I will let you in on a secret: in all my years of leadership coaching, this little framework that I am about to share with you consistently gets the biggest positive reaction. These 4 steps hit a nerve because they simplify a workplace land mine: providing feedback to people.

Susan talked to me after she had given some hard feedback to a junior in her team. It hadn’t quite gone as she’d hoped: the guy “didn’t get it.” He questioned the validity of the feedback instead of taking it on board, leaving Susan baffled because she was genuinely just trying to help this person!

This is not uncommon. You never know how people will react to tough feedback: I have heard stories that range from tears to defensiveness to downright aggressiveness. In less dramatic—but still ineffective—cases, people listen to the feedback but nothing changes as a result.
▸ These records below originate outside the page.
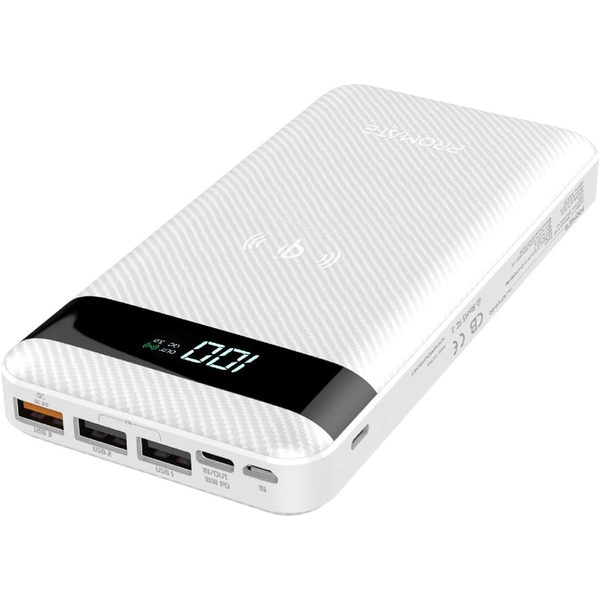 Promate AURATANK-20.WHT 20000mAh Wireless Charging Power Bank - White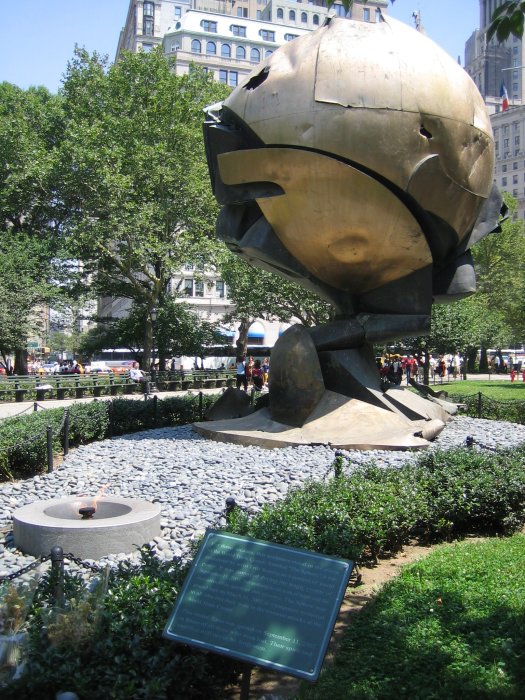 Eine Skulptur, die einst das World Trade Center zierte. Heute steht sie als Denkmal für die Gestorbenen vom 11. September 2001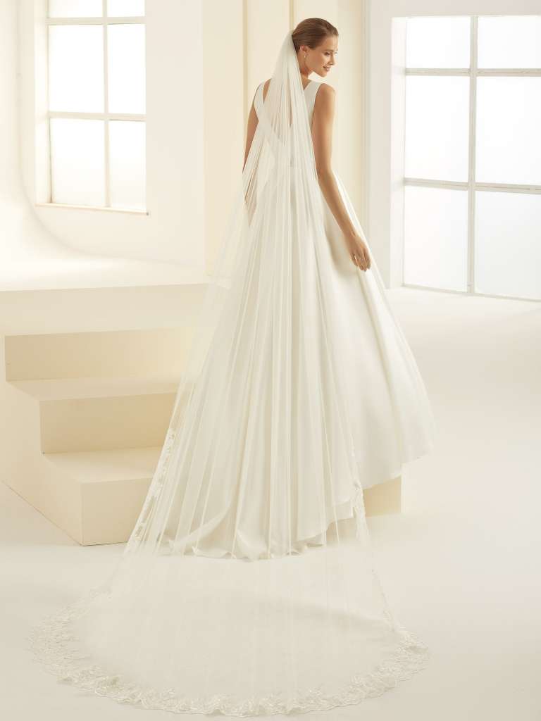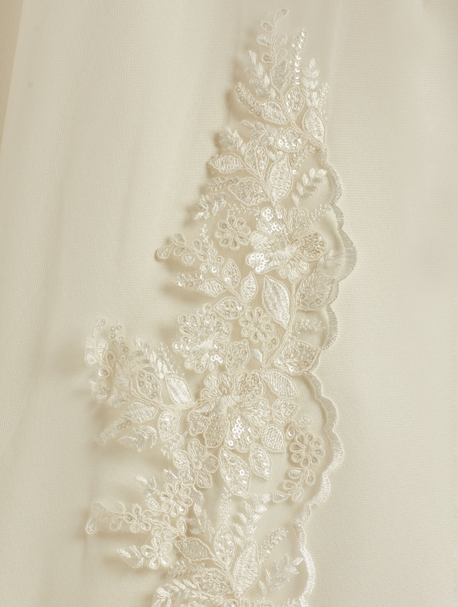 Et utrolig fint brudeslør med en bred blondekant nederst på sløret. Sløret er 300cm langt.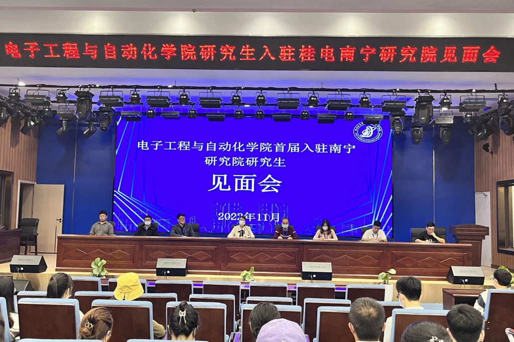 11月17日下午,电子工程与自动化学院在桂电南宁研究院报告厅召开学院首届入驻研究生见面会。学院党委副书记段筱雨、学院副院长胡放荣、各科研团队导师代表以及学院全体入驻研究生参加会议。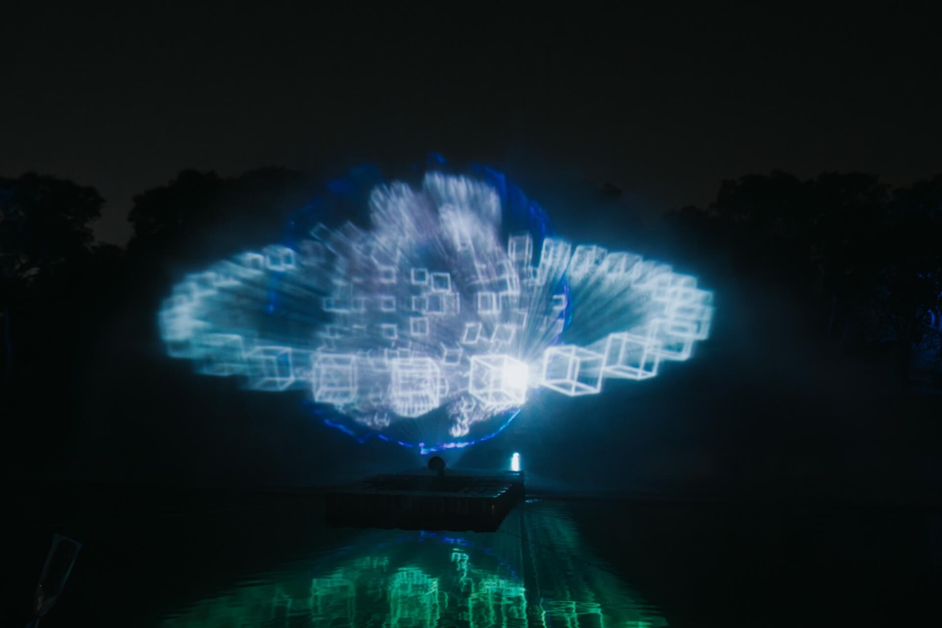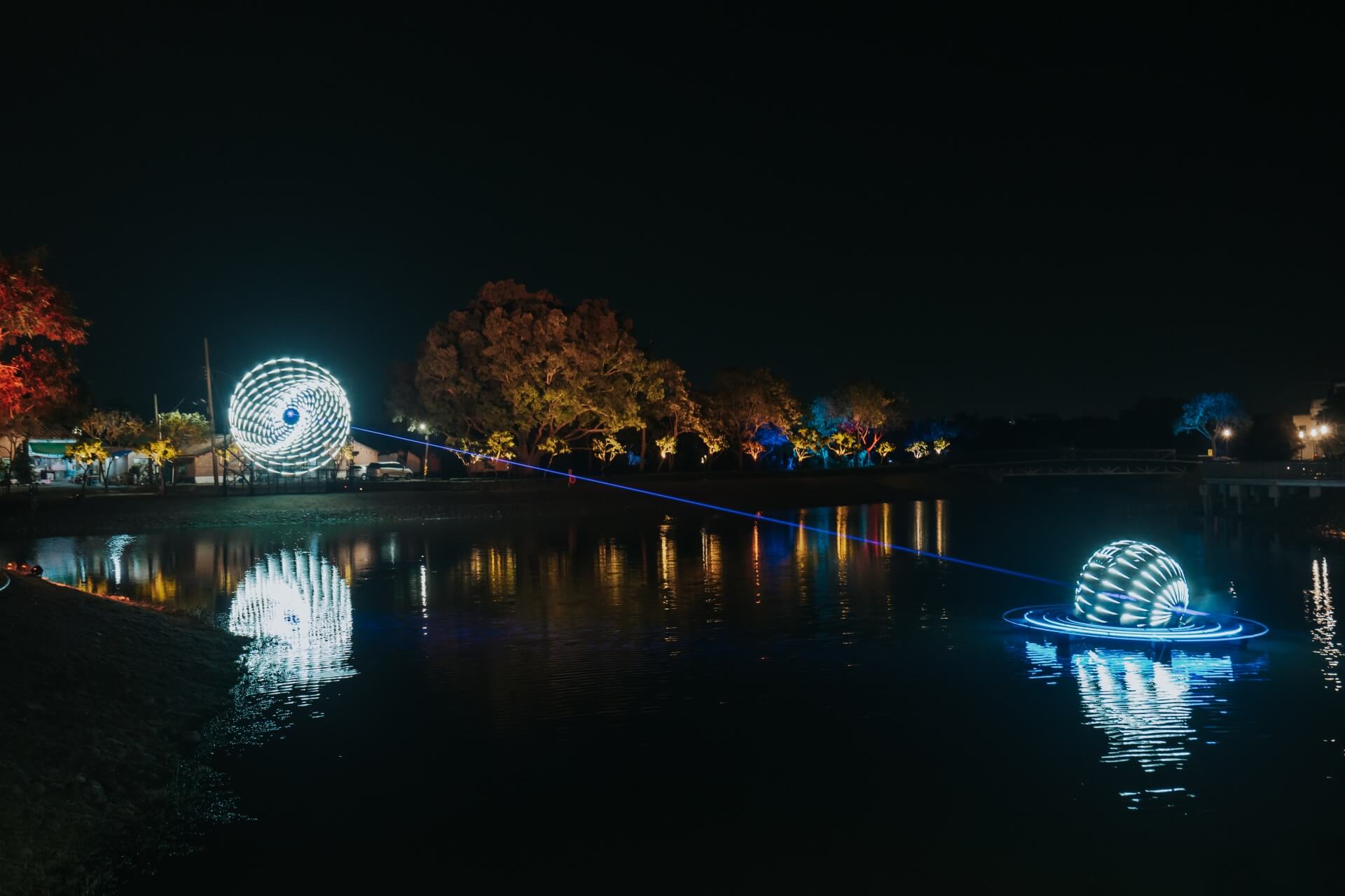而在《無盡光輪》中心點的一道藍色光線,連結至水面上的《光核》 ,《光核》以光建構如核心般的球體,如種子般從天而降準備落地深根,亦如奇幻電影的場景彷彿未知的生物造訪;傳達許多事物的成果,常是起始於一個極微小的開始,進而激起無限的漣漪,如同月津港燈節一般。

Let’s keep in mind two fundamental principles about feedback:

1. “Clear is kind.” (Hear, hear Brene Brown! More here.) Sugarcoating or softening a tough message does not help. A person cannot improve if they do not know the extent and specifics of their problem. At the beginning of my career, my mentor sat me down to tell me I was not connecting to the participants in a workshop. It was tough. It was also the most useful feedback I have ever received, and I will be forever grateful for it.

2. Negative feedback is profoundly threatening. Difficult feedback activates the same threat responses in our brain that we rely on for physical survival. It is a primitive reaction, that used to be caused by real dangers such as, you know, a lion in the wild, and it is now triggered by social dangers: a threat to our status; an inability to predict the future; losing control over what is happening to us. Getting bad feedback can instantly send us into fight, flight, or freeze.

As a result, effective feedback is clear and straightforward, while also making people feel safe. I call this “being hard on the message, but soft on the person.” 

Effective feedback is clear and straightforward, while also making people feel safe. 

“Soft on the person” means that feedback should genuinely come from a desire to help. You need to make it clear that you are in the person’s corner, and you are not saying this to shame or humiliate them.

FOUR STEPS TO DELIVER TOUGH FEEDBACK

This four-step model to provide feedback was inspired by the Situation-Behavior-Impact model by The Center for Creative Leadership, with some coaching tagged on at the end.  I call the framework OILS—not because I have found any clever way to justify this name, but simply because it helps me remember the first letter of every step:

1. Observation. This means starting with the FACTS, and withholding from our interpretation or assumptions about the facts. I find this to be the hardest step, by far. We humans are sense-making machines.  We constantly take input from the environment and interpret it, to the point we sometimes cannot even tell anymore what’s fact and what’s our interpretation.

Example: “I noticed you were 10 minutes late to our meeting today” is a fact; “You seem to be distracted lately” is our interpretation of that fact, and it’s a pretty significant assumption, too. Maybe the person was not distracted at all; maybe their nanny was late, or they hit traffic.

Starting feedback with our interpretations or assumptions is dangerous because a) it will immediately put the other person on the defensive, especially if it attacks a character trait and b) it can just invalidate the feedback, if the assumption is not accurate. Always start with facts.

2. Impact. Next, speak about the impact of these facts/observations on what matters—the situation, business result, other people, yourself.

For instance: “When you sent me the report two days later than we agreed, we were not able to send it to the client by the deadline we had committed to.” Or “After you interrupted your colleague three times during the meeting, I noticed he shut down and did not say anything else for the rest of the hour.”

Speaking about the impact gives weight and context to the feedback: “This matters, and this is why”

3. Listening. This is the time to pause and have a dialogue. “Tell me about it.” or “Does this make sense?” Listen with an open mind to understand what is happening. This is your big coaching moment. The person might have some pretty justified reasons for what they did, or they do not fully get the consequences of their behavior, or they might lack confidence to change.

This is also the moment to make them feel safe. You can articulate clearly that you only aim to help. You can remind them of their strengths they can draw upon. If you are their manager, it also helps to express that you believe in them, and they can count on your support as they work to improve.

4. Suggestion (on how to overcome the issue). I once got the feedback that my voice was too high. That’s like telling someone they are too tall. Yes, and what can I do about it? Please don’t do “hit and run” feedback. The helpfulness of feedback raises exponentially if you also show people a way forward, or at least engage in a conversation to brainstorm about it.

This is it! Now you know my secret. I hope it gives you some food for thought and some strategies for your next conversation. You might ask: can I and should I use this same framework to give positive feedback? Absolutely. But more on this later.